↓

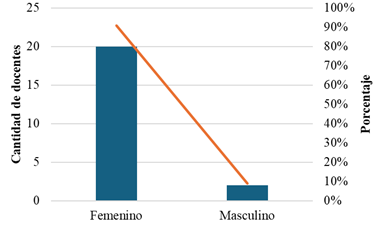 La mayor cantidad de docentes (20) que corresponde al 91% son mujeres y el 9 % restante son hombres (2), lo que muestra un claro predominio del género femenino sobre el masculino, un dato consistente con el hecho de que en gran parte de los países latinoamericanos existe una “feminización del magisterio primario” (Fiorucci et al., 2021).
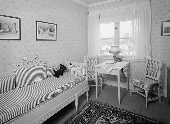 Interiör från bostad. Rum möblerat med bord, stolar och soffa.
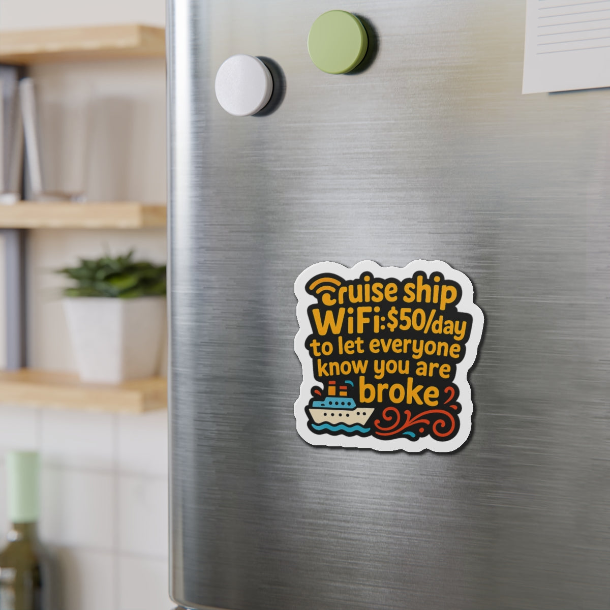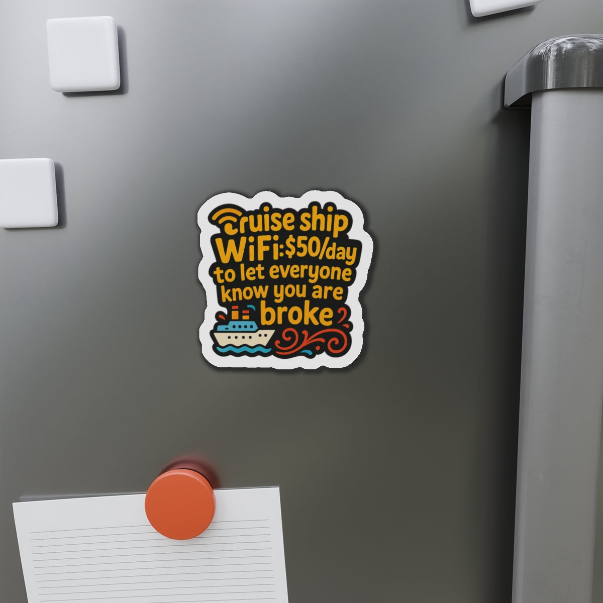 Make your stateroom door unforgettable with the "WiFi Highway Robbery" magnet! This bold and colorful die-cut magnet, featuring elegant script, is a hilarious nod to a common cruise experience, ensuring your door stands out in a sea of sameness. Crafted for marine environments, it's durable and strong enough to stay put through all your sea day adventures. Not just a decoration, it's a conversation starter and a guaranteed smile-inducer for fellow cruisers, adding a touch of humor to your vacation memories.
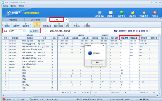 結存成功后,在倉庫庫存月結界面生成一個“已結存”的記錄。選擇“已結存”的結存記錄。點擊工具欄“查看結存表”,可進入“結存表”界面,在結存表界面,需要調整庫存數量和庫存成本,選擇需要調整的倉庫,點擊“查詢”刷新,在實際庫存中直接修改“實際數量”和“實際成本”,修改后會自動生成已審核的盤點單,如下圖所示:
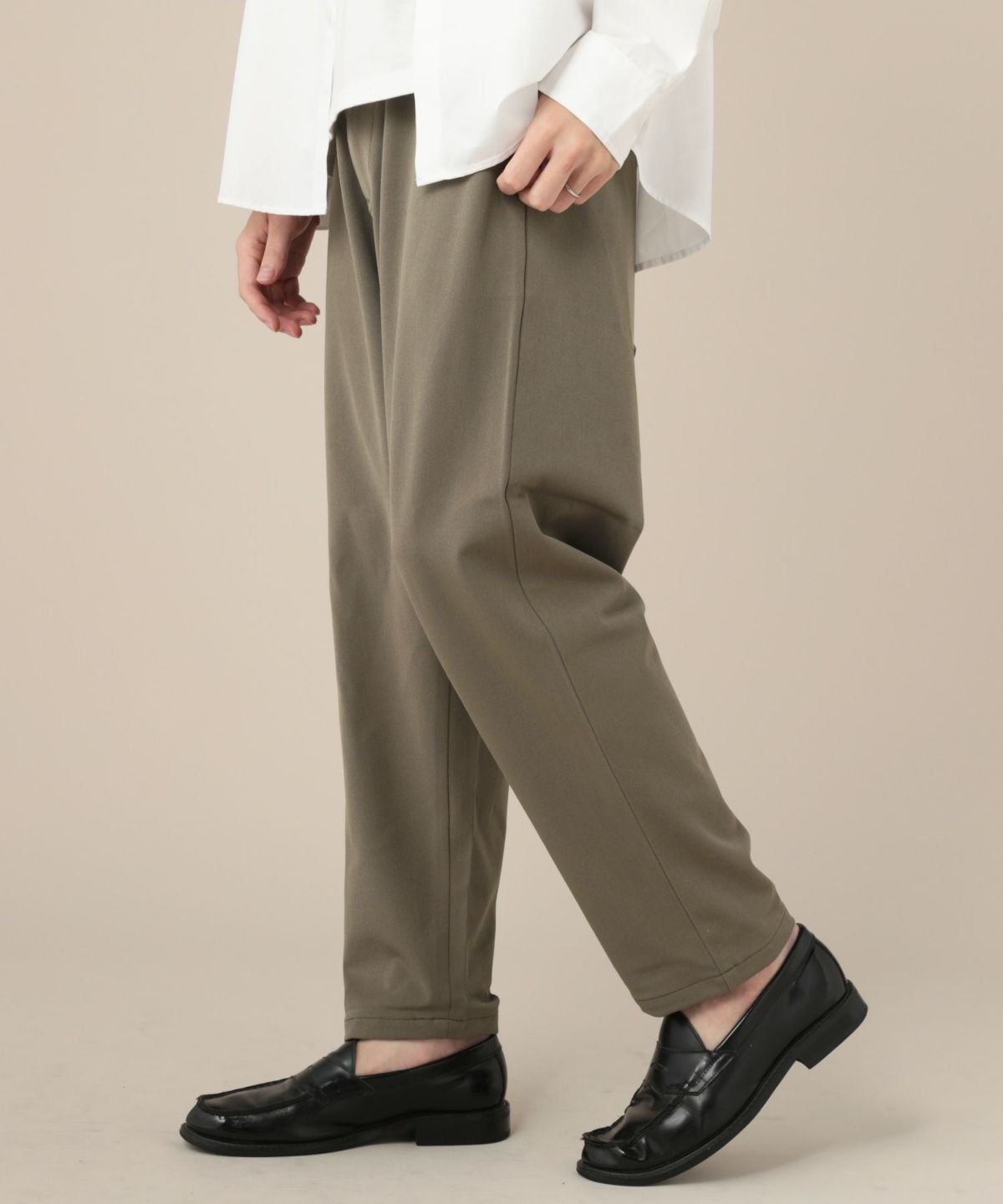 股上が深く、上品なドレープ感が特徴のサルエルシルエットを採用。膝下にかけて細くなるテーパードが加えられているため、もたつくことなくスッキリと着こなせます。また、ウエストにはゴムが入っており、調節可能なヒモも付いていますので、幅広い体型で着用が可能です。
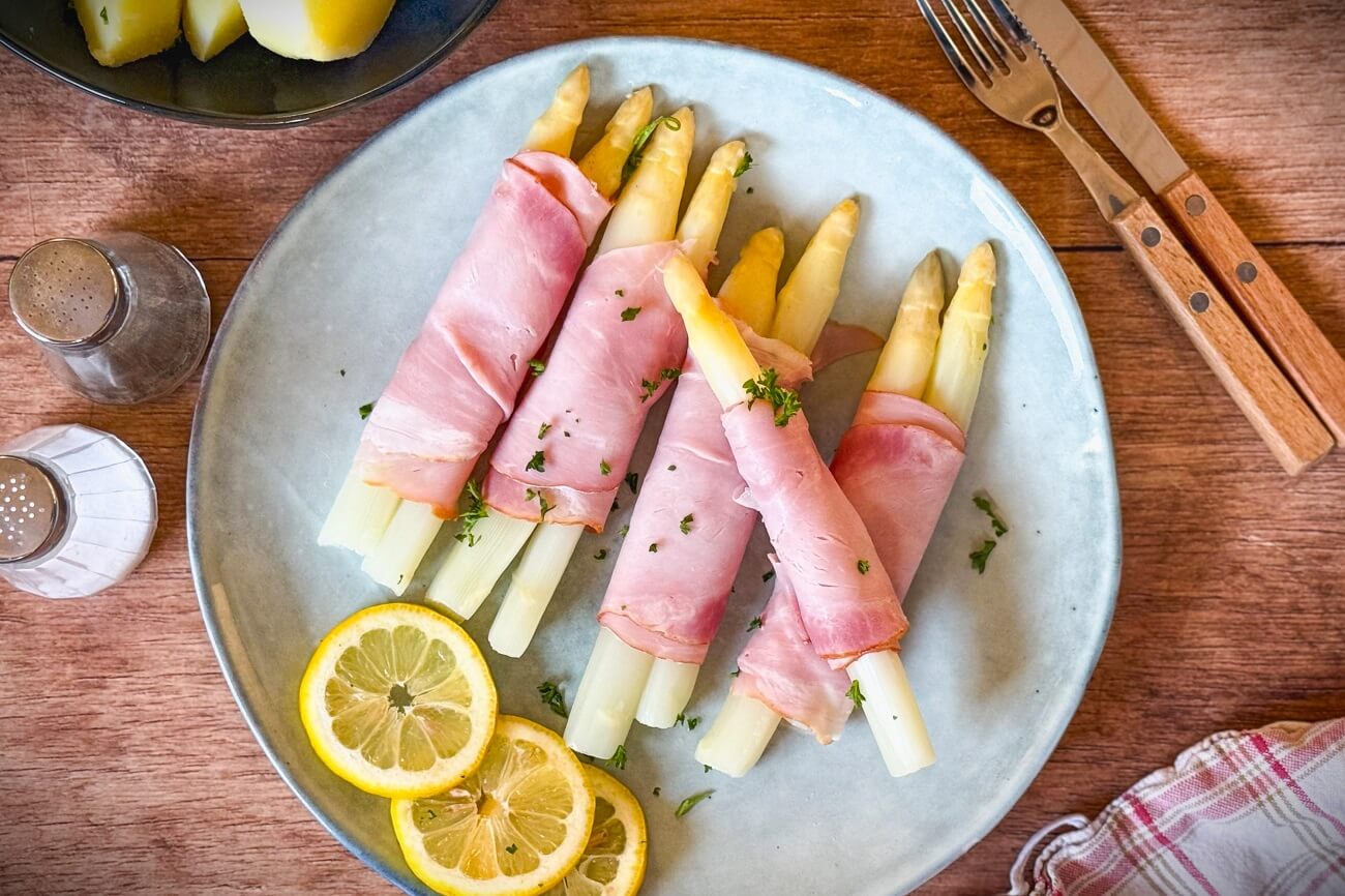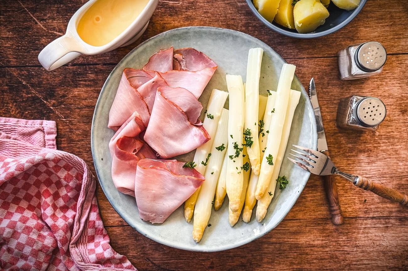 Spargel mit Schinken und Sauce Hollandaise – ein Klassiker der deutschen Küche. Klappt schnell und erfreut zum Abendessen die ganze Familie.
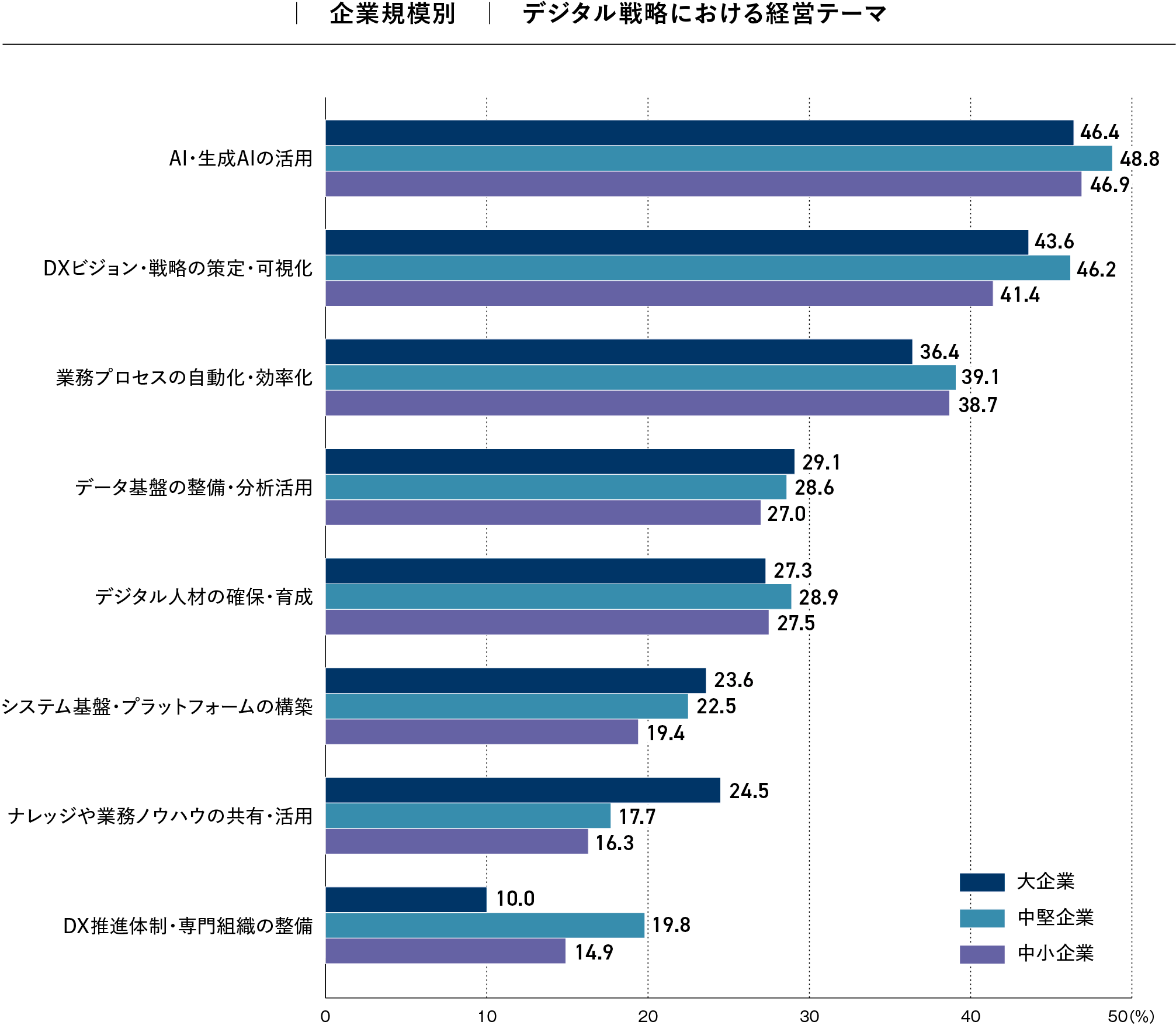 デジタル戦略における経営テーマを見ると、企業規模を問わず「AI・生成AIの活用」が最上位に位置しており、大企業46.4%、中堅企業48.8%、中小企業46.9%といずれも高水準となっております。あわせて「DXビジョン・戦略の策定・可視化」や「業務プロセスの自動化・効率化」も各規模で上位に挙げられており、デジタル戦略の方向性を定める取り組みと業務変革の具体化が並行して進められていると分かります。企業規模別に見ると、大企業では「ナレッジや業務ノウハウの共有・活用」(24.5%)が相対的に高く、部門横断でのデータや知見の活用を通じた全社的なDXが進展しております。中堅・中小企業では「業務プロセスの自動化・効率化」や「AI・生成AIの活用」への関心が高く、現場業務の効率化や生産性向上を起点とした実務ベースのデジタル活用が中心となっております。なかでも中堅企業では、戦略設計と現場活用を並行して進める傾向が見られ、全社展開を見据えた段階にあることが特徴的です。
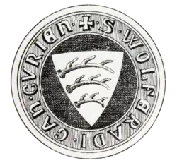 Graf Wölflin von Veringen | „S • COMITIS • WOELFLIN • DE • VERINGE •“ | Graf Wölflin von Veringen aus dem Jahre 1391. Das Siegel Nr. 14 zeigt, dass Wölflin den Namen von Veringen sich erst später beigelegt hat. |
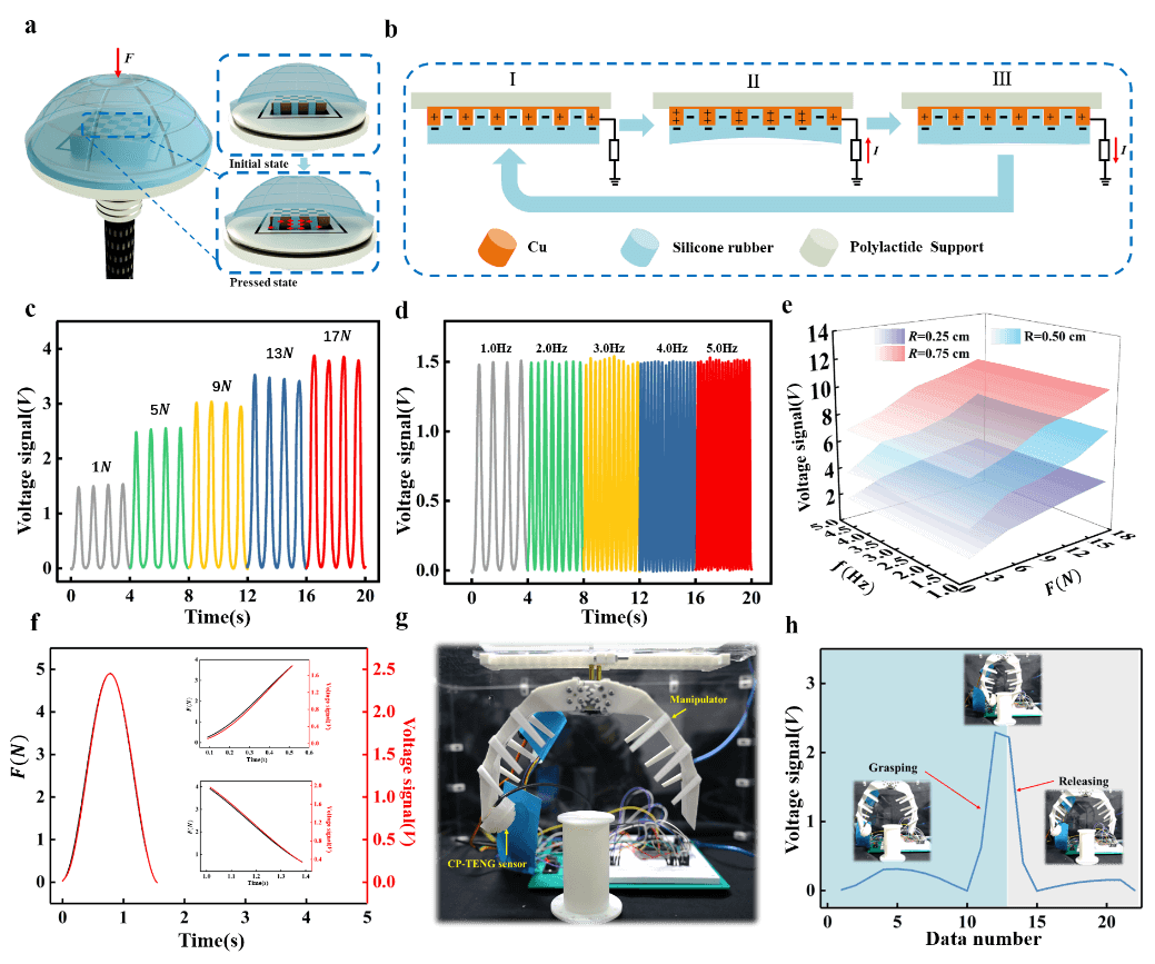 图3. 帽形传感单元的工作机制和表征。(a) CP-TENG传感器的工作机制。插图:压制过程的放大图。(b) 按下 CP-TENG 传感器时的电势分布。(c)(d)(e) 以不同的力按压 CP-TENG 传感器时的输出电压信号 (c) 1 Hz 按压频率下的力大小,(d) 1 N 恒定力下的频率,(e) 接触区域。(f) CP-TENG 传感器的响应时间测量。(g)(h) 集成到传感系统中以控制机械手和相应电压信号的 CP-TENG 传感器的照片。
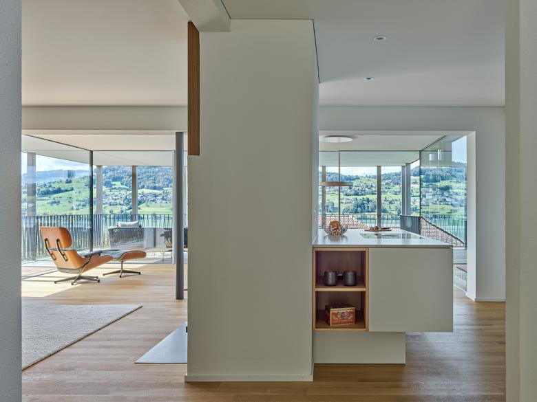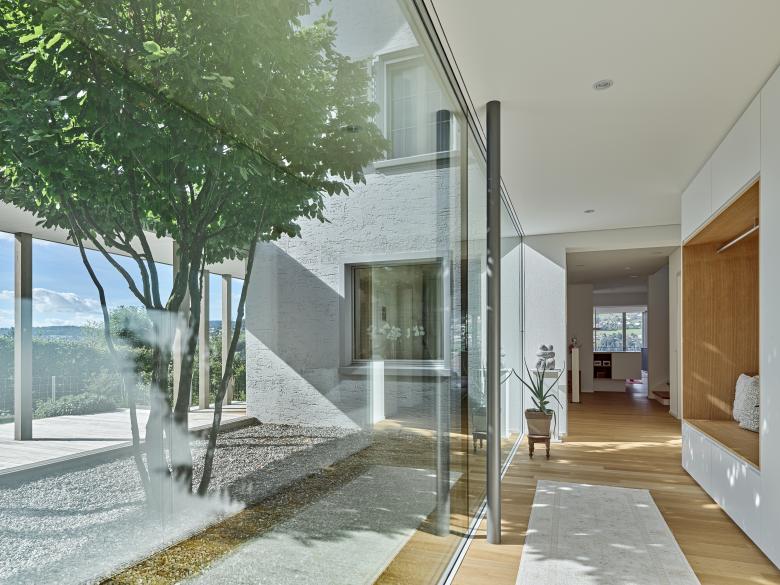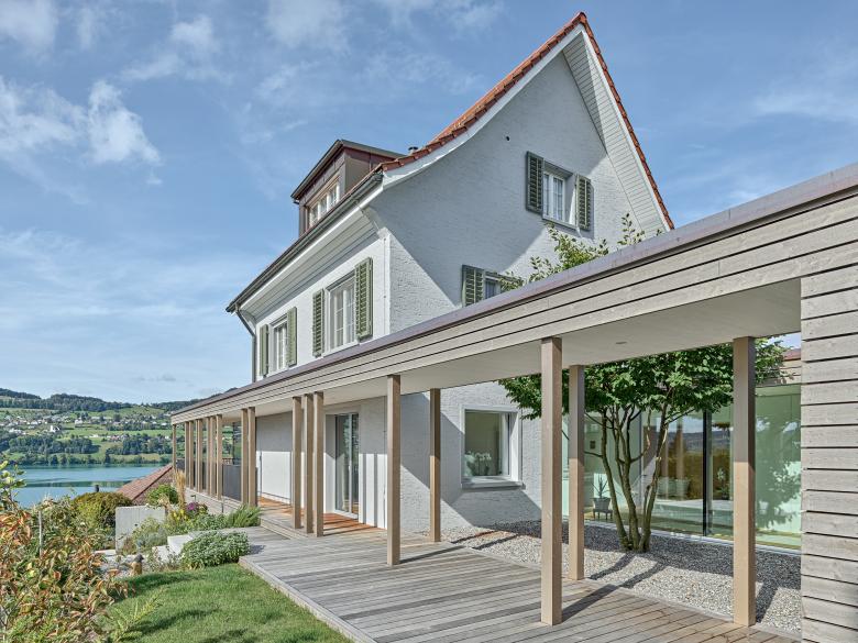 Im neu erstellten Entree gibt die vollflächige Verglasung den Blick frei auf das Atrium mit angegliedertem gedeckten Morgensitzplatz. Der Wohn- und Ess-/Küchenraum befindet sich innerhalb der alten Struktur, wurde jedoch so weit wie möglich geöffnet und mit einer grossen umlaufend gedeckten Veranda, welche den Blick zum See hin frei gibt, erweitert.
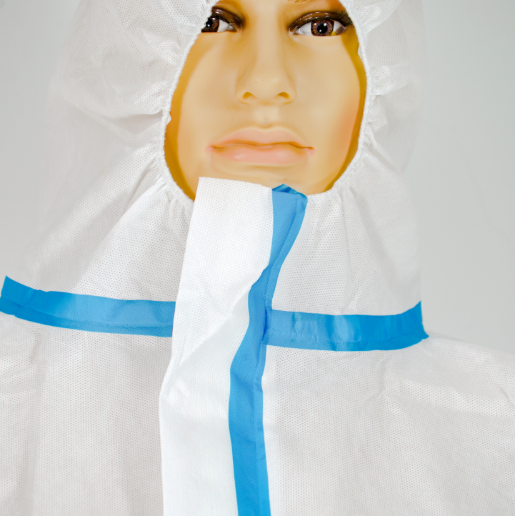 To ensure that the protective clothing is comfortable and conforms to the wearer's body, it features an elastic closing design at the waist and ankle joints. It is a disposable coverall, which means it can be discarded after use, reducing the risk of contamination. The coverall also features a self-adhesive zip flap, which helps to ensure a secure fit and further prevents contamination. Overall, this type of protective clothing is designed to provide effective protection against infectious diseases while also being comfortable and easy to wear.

↑

Give back the records exactly, minus any pictures.

EXERCISE SOLUTION:
 La mayor cantidad de docentes (20) que corresponde al 91% son mujeres y el 9 % restante son hombres (2), lo que muestra un claro predominio del género femenino sobre el masculino, un dato consistente con el hecho de que en gran parte de los países latinoamericanos existe una “feminización del magisterio primario” (Fiorucci et al., 2021).
 Interiör från bostad. Rum möblerat med bord, stolar och soffa.
 Make your stateroom door unforgettable with the "WiFi Highway Robbery" magnet! This bold and colorful die-cut magnet, featuring elegant script, is a hilarious nod to a common cruise experience, ensuring your door stands out in a sea of sameness. Crafted for marine environments, it's durable and strong enough to stay put through all your sea day adventures. Not just a decoration, it's a conversation starter and a guaranteed smile-inducer for fellow cruisers, adding a touch of humor to your vacation memories.
 結存成功后,在倉庫庫存月結界面生成一個“已結存”的記錄。選擇“已結存”的結存記錄。點擊工具欄“查看結存表”,可進入“結存表”界面,在結存表界面,需要調整庫存數量和庫存成本,選擇需要調整的倉庫,點擊“查詢”刷新,在實際庫存中直接修改“實際數量”和“實際成本”,修改后會自動生成已審核的盤點單,如下圖所示:
 股上が深く、上品なドレープ感が特徴のサルエルシルエットを採用。膝下にかけて細くなるテーパードが加えられているため、もたつくことなくスッキリと着こなせます。また、ウエストにはゴムが入っており、調節可能なヒモも付いていますので、幅広い体型で着用が可能です。
 Spargel mit Schinken und Sauce Hollandaise – ein Klassiker der deutschen Küche. Klappt schnell und erfreut zum Abendessen die ganze Familie.
 デジタル戦略における経営テーマを見ると、企業規模を問わず「AI・生成AIの活用」が最上位に位置しており、大企業46.4%、中堅企業48.8%、中小企業46.9%といずれも高水準となっております。あわせて「DXビジョン・戦略の策定・可視化」や「業務プロセスの自動化・効率化」も各規模で上位に挙げられており、デジタル戦略の方向性を定める取り組みと業務変革の具体化が並行して進められていると分かります。企業規模別に見ると、大企業では「ナレッジや業務ノウハウの共有・活用」(24.5%)が相対的に高く、部門横断でのデータや知見の活用を通じた全社的なDXが進展しております。中堅・中小企業では「業務プロセスの自動化・効率化」や「AI・生成AIの活用」への関心が高く、現場業務の効率化や生産性向上を起点とした実務ベースのデジタル活用が中心となっております。なかでも中堅企業では、戦略設計と現場活用を並行して進める傾向が見られ、全社展開を見据えた段階にあることが特徴的です。
 Graf Wölflin von Veringen | „S • COMITIS • WOELFLIN • DE • VERINGE •“ | Graf Wölflin von Veringen aus dem Jahre 1391. Das Siegel Nr. 14 zeigt, dass Wölflin den Namen von Veringen sich erst später beigelegt hat. |
 图3. 帽形传感单元的工作机制和表征。(a) CP-TENG传感器的工作机制。插图:压制过程的放大图。(b) 按下 CP-TENG 传感器时的电势分布。(c)(d)(e) 以不同的力按压 CP-TENG 传感器时的输出电压信号 (c) 1 Hz 按压频率下的力大小,(d) 1 N 恒定力下的频率,(e) 接触区域。(f) CP-TENG 传感器的响应时间测量。(g)(h) 集成到传感系统中以控制机械手和相应电压信号的 CP-TENG 传感器的照片。
 Im neu erstellten Entree gibt die vollflächige Verglasung den Blick frei auf das Atrium mit angegliedertem gedeckten Morgensitzplatz. Der Wohn- und Ess-/Küchenraum befindet sich innerhalb der alten Struktur, wurde jedoch so weit wie möglich geöffnet und mit einer grossen umlaufend gedeckten Veranda, welche den Blick zum See hin frei gibt, erweitert.
 To ensure that the protective clothing is comfortable and conforms to the wearer's body, it features an elastic closing design at the waist and ankle joints. It is a disposable coverall, which means it can be discarded after use, reducing the risk of contamination. The coverall also features a self-adhesive zip flap, which helps to ensure a secure fit and further prevents contamination. Overall, this type of protective clothing is designed to provide effective protection against infectious diseases while also being comfortable and easy to wear.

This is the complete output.